In Billy Clinter and the Chamber of Semen, Billy realises that he splinched while he was apparating, which had never happened before. This is all the fault of Moaning Monica, the intern who haunts the anteroom at Housewhites and has the rare power of Parcelmouth, the ability to look into the eye of the Basilisk, the world's smallest snake, without being petrified. Is she a Niffler or a Death Eater? Billy cannot be sure. He looks to Housewhites' giant shambling groundskeeper Reno to protect him, but she's busy raining down fire on strange cults. As the book ends, their old friend Albus Bumblegore fails to become Headmaster of Housewhites after insufficient chads are found in his sorting hat.
With each new adventure, critics have predicted that the eternal schoolboy has run his course. But he keeps coming back. None the less, there were strange rumours this time that J K Rodham was preparing to kill off the most popular character. It's been known for a while that she sees the series' future depending more on the much brainier though somewhat unlikeable Hillary Granger and the four female ghosts who write all her words.

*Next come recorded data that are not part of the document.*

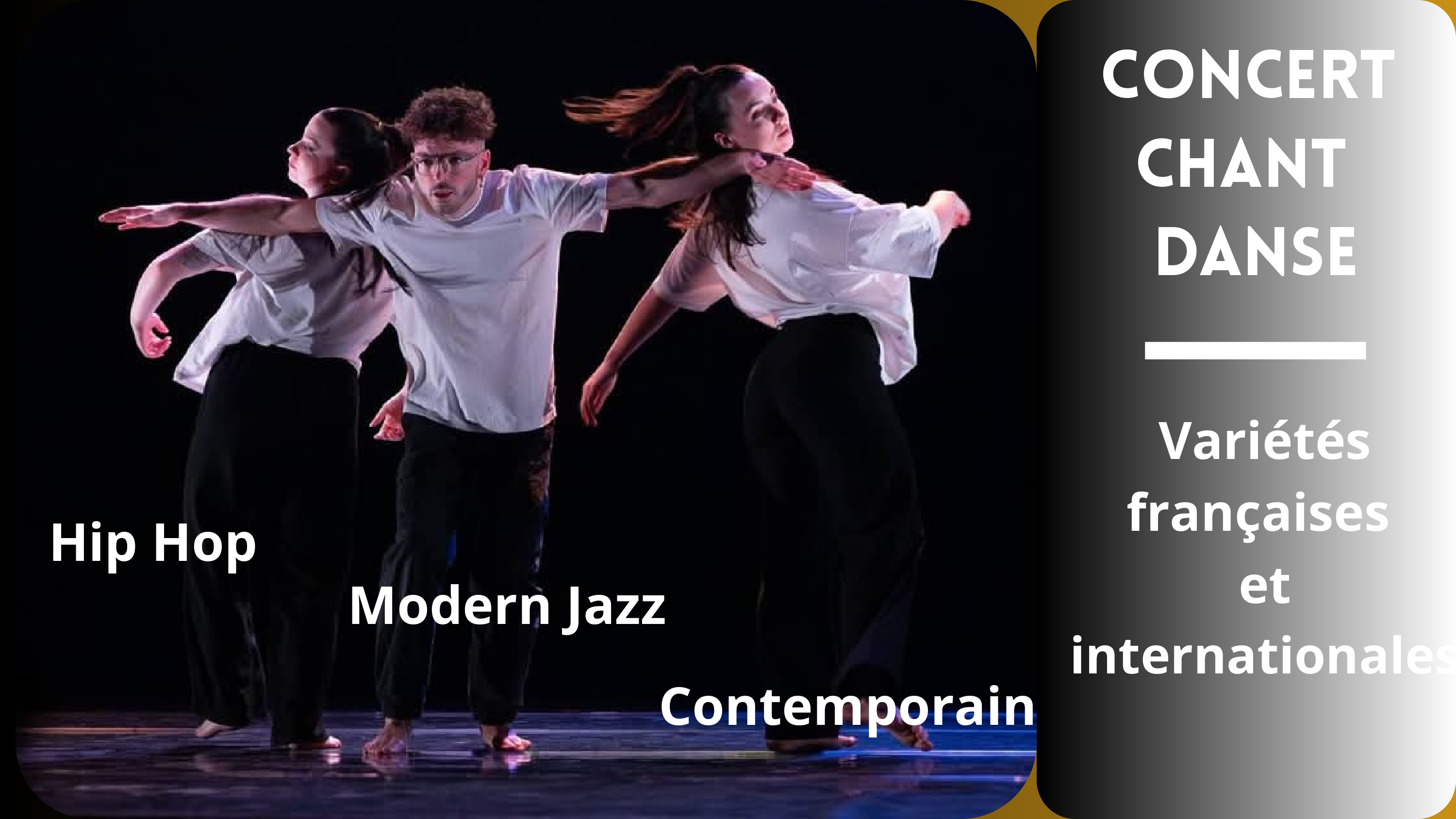 Le samedi 7 février à 20h, à la salle Le Confluent de Montfort-sur-Meu, plongez dans une soirée exceptionnelle où la musique rencontre la danse !! Sur scène, 10 danseurs et 4 chanteurs uniront leur énergie et leur talent pour vous offrir un spectacle vibrant, mêlant chorégraphies dynamiques et performances vocales. Au programme Des chants de toutes générations de variétés françaises et internationales Des chorégraphies originales et entrainantes mêlant le Hip Hop, le modern Jazz et le contemporain. Que vous soyez passionnés de musique, amateurs de danse ou simplement en quête d’une expérience artistique unique ou se mêlent à la fois 3 styles de danses et des chanteurs de toutes générations, ce concert chant-danse est fait pour vous. Restauration rapide sur place à partir de 19h. Sur réservation. Tarifs 12 ans et + : 11€ Tarifs de 3 à 11 ans : 5€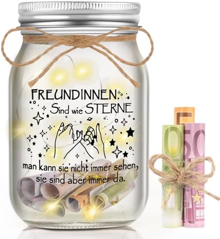 Super clever: Die Flasche hat genug Platz für Geldscheine oder Gutscheine! Einfach das Geld zusammenrollen, mit der beiliegenden Juteschnur binden und in die Flasche stecken. Zusammen mit den LED-Lichtern und Blumen entsteht so eine total persönliche und originelle Geschenkidee.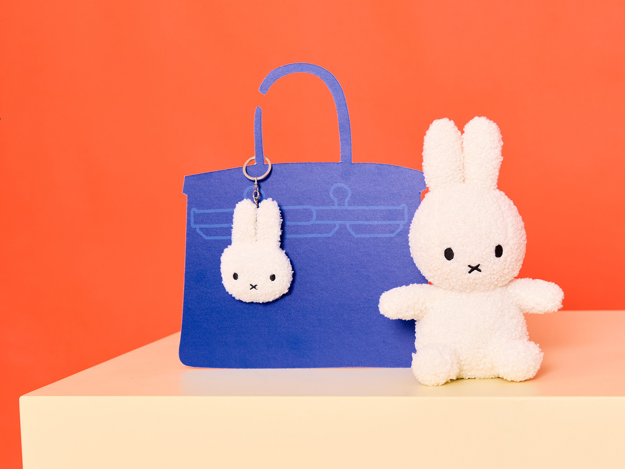 フラットなキーチェーンは落ち着いたカラーのバリエーション。やわらかで可愛らしいフォルムのミッフィーです。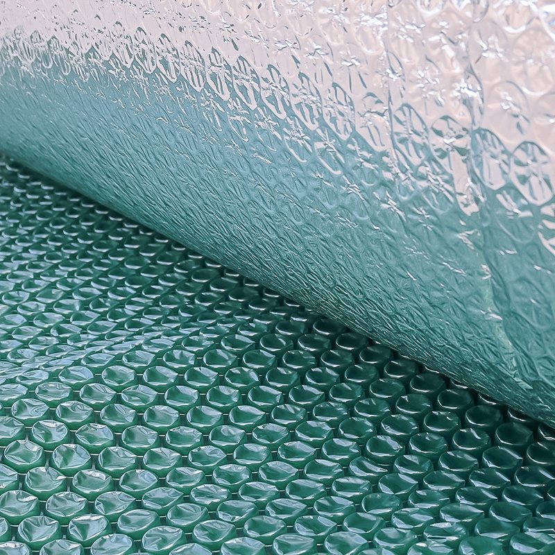 Folie Bule Mari Aluminizata obtinuta prin aplicarea unui film AL PET 24 my pe o suprafata a foliei cu bule si un film PET transparent 11 my aplicat pe partea opusa. Se obtine un produs cu proprietati excelente la socuri si vibratii si in egala masura la radiatii termice.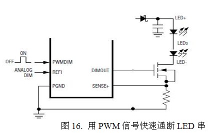 具體實現PWM調光的方法就是在LED的負載中串入一個MOS開關管(圖16),這串LED的陽極用一個恒流源供電。

According to the pre-publicity, the latest book - Living History: The Heavily Discounted Bulk Order of the Phoenix - would see Hillary rise from the ashes yet again, step out of Billy's shadow and prepare to take Housewhites back from the evil usurper Lord W Bush (as fans know, the W stands for Woldemort, but by tradition the name is never said). But instead it's mostly hundreds of pages about who Hillary sat next to at the many school dinners she's attended, with a brief passage about when Billy told her about Moaning Monica. According to the book, after spending the summer golfing with Uncle Vernon Jordan, he admits to Hillary that, although he did play quidditch, he never put his bludger in the golden snitch. Hillary thinks this is a lot of hufflepuff and, although he doesn't die, Billy finds himself under an impediment curse which means that for the rest of the book he hardly gets to take his wand out at all and Uncle Vernon starts calling him Nearly Headless Bill.
But has the series lost touch with its original fans? Many of those young readers from a decade ago are now in their mid-50s and may have difficulty still believing in fantastical tales about boys who don't inhale and girls who can't remember where they placed their billing records.
"Oh, you say that every time," chuckles J K Rodham. "Believe me, they'll still be swallowing this stuff 20 years from now."